Брамс. Вагнер. Верди
Шрифт:
Как и всегда, инстинкт вел Верди по верному пути. Нежные, свежие как роса интермеццо юных влюбленных, рожденные этой идеей, обладают неописуемым очарованием. Они, в панораме общей композиции, представляют собой необходимые точки покоя в терпкой гробианской истории. Такими тихо счастливыми их делает очарование юной любви, которая вся — чувство, вся — поэзия, еще не тронутая тенью страсти. Нанетта и Фентон являются единственными образами в оперной литературе всех времен, кого не может затронуть никакая судьба, никакой конфликт, хотя это кажется неизбежным даже в комедии.

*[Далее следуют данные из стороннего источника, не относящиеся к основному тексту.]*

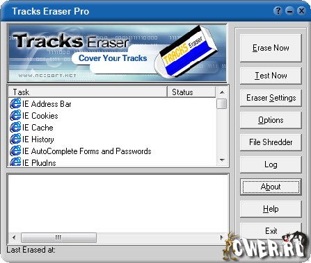 Tracks Eraser Pro - утилита для удаления ненужной информации с вашего ПК. Она встраивается в Internet Explorer и проводит очистку, интернет файлов таких как ( куки, URL, кэш, переходы и т.д. ). Программа позволяет очищать адресную строку истории для IE, Netscape, AOL, Opera. Удаляет куки для IE, Netscape, AOL, Opera. Очищает Internet кэш (временные Интернет файлы), удаляет интернет историю файлов, интернет историю поиска, удаляет IE плагины по выбору, index.dat файлы, Старт Меню. Удаляет временные файлы Windows, историю сохраненых dialog box.

Этот могучий бог трагедии чудесным образом создал здесь идиллию.
Верди едва ли писал когда-либо с такой нежностью, с какой написаны мелодии молодых людей, ведущих любовную игру. Здесь скрыта маленькая тайна, которую легко разгадать, если взглянуть на один из прекрасных, выразительных портретов восьмидесятилетнего Верди и вспомнить музыку этих сцен. Старец спокойно созерцает, что делает молодежь, и с тихой улыбкой думает: «Эти дети! Они еще не знают…»

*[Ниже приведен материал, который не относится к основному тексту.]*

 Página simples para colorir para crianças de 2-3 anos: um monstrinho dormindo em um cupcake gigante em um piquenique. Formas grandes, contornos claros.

Все остальное — терпкая комедия, человеческие
Вершиной комедии является уже упоминавшийся второй финал. Фальстаф, накрытый грязным бельем, старается не задохнуться от вони. Женщины веселятся от души. А жаждущие мести мужчины после осторожной подготовки опрокидывают ширму, где вместо предполагаемого преступника обнаруживаются Нанетта и Фентон, которые, не обращая внимания на общую суматоху, предаются своим невинным любовным ласкам. Эта сцена содержит одну примечательную черту, о которой стоит упомянуть, ибо она демонстрирует тот стоицизм, с каким Верди готов был идти на жертвы, когда ему казалось, что этого требуют интересы драматического воздействия, а также потому, что речь идет здесь о вечной проблеме оперы, о весьма неустойчивом равновесии музыки и сцены. Первое издание клавира, опубликованное еще до премьеры оперы, отклоняется в нескольких местах от более поздней, окончательной редакции музыкального текста. Во время репетиций композитор внес целый ряд изменений, которые были учтены в последующем издании клавира, а также в напечатанной уже после премьеры партитуре. За исключением единственного случая все они являются очевидными улучшениями. Но в этом единственном случае изменения, если критически взглянуть на скорректированное место, являются в музыкальном отношении не только ослаблением первоначально написанного, но и — да простит нам милостиво Верди наши слова — просто оскоплением. Это место находится именно в упомянутом большом финале. Нанетта и Фентон, спрятавшись за ширмой, забыв обо всем на свете, поют блаженную мелодию любви. Приведенные Фордом мужчины подбадривают друг друга перед решительным броском. Нельзя не заметить остановки действия и определенного противоречия. С одной стороны, широко размахнувшаяся мелодия, лирический оазис, которому нужно пространство, чтобы излиться в пении Требовать этого пространства — священное право, которое дано в опере лирической ситуации. Но с другой стороны, наблюдается нарастание нетерпения, требующего действия. Здесь все зависит от режиссуры, от умения справляться с подобными проблемами, и постановщики действительно часто с успехом решали подобные задачи.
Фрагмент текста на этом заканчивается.